I believe that there are three key reasons why we need to take more action against this disease: humanitarian reasons, economic reasons and reasons of global public health. The humanitarian reason is that so many people are dying needlessly from this disease and falling sick. The figures speak for themselves.

The economic reason is that this awful loss of life and this illness are a drag on economic success in the poorest countries, hindering their development. There will also be a serious economic impact if we fail to tackle the disease. By 2030, it is estimated that if the current trajectory of TB continues, that will cost the world’s economies $1 trillion. Some 60% of that cost will be concentrated in the G20, and it will be caused by the 28 million deaths over that period. That is a terrible statistic, because that is the period over which tuberculosis is meant to be beaten according to the sustainable development goals. The United Nations set those goals four years ago, and said that the major epidemics—AIDS, malaria and TB—would be beaten in 15 years’ time. We have just 11 years to go. On the current trajectory, TB will not be beaten for well over 100 years. There will be a further 28 million deaths during that period alone, as well as huge economic costs.
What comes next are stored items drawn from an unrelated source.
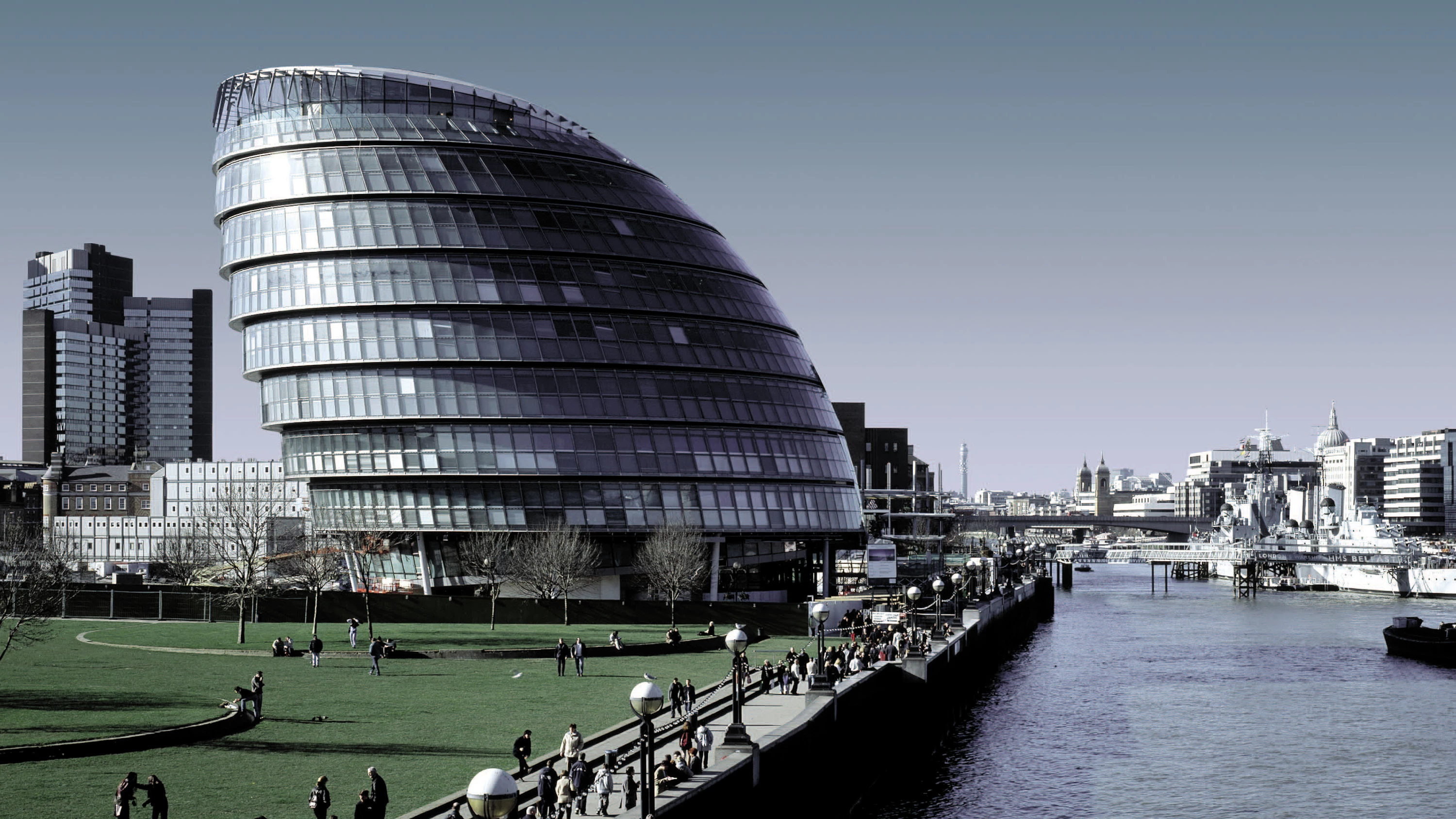 En un lugar prominente a orillas del Támesis, junto al Puente de Londres, se alza, exenta, la burbuja achatada que alberga las dependencias más representativas de la GLA: la cámara de la asamblea, los despachos del alcalde —la figura recientemente restituida del Lord Mayor of London—, de su gabinete y de los concejales, además de las salas de reuniones de la corporación municipal y diversos servicios para los ciudadanos; en total, 18.000 metros cuadrados repartidos en diez plantas, con una altura total de 45 metros.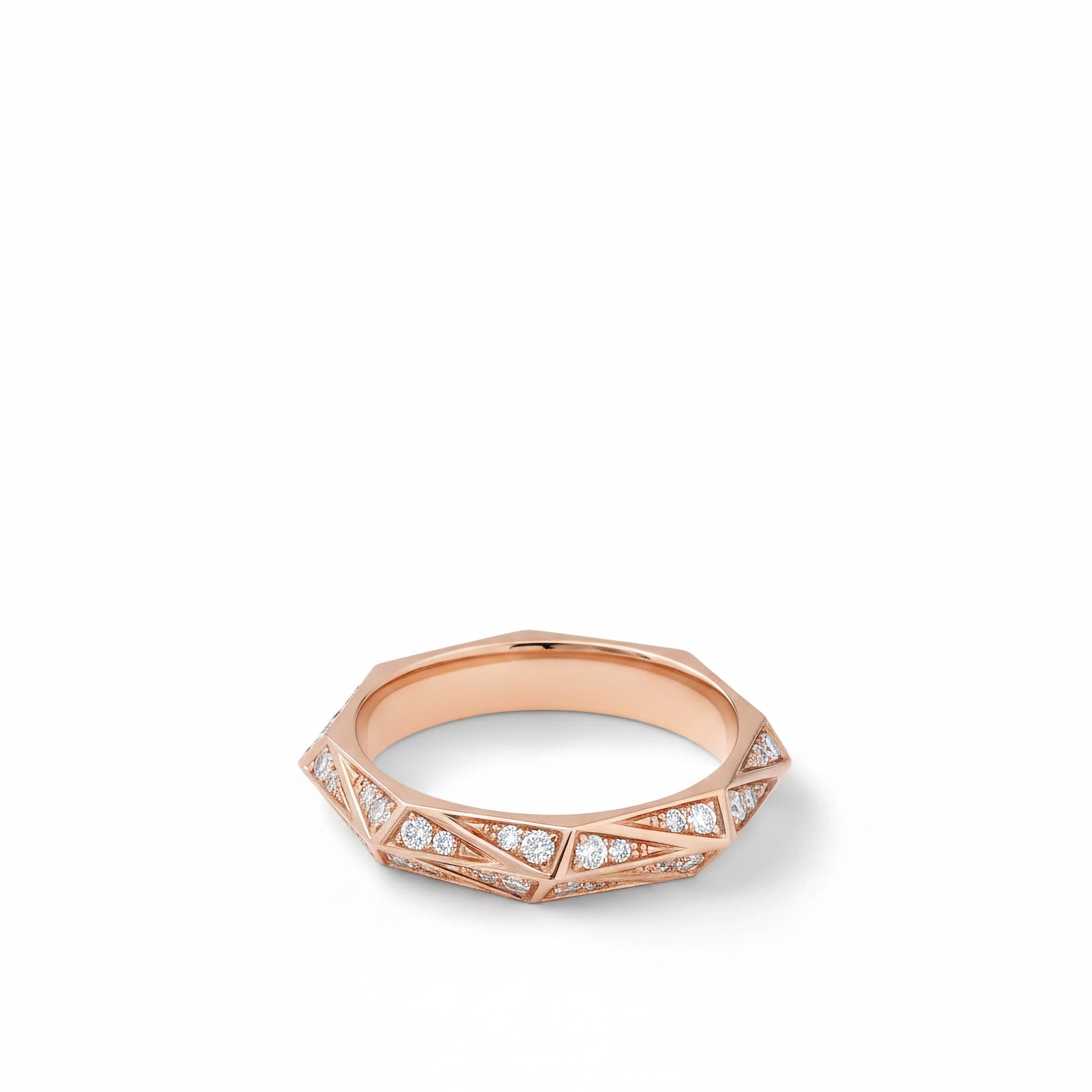 Gefertigt aus glänzendem 750er Roségold, verbindet diese 4 mm breite Ringschiene zeitlose Raffinesse mit modernem Design. Die sorgfältig ausgewählten Edelsteine erzeugen ein leuchtendes Funkeln, das das Licht aus jedem Winkel einfängt. Dies macht den Ring zu einem edlen Statement-Piece für Kenner feiner Handwerkskunst und dauerhafter Eleganz.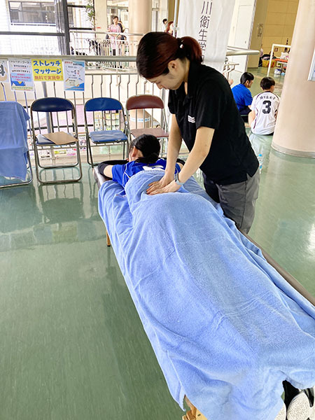 試合の間の休憩時間や試合後のケアに、高校生も一般の方もブースをご利用いただけました。

The global public health reason is the susceptibility of tuberculosis to drug resistance, because of the old-fashioned drugs that are used to treat tuberculosis. People who take the drugs do not continue with their treatment and it is a very serious fact that there are well over 500,000 cases of drug-resistant TB in the world. The highest burden is actually in the European region. Only one in four people who have drug-resistant TB can access treatment.

We know that there are 3.5 million missing cases of TB every year that are simply undiagnosed, accounting for one in three sufferers. The proportion is much higher for drug-resistant TB, where 71% of people are missing. This constitutes not only a humanitarian issue, but a serious risk to global public health, because this is an airborne, highly infectious disease.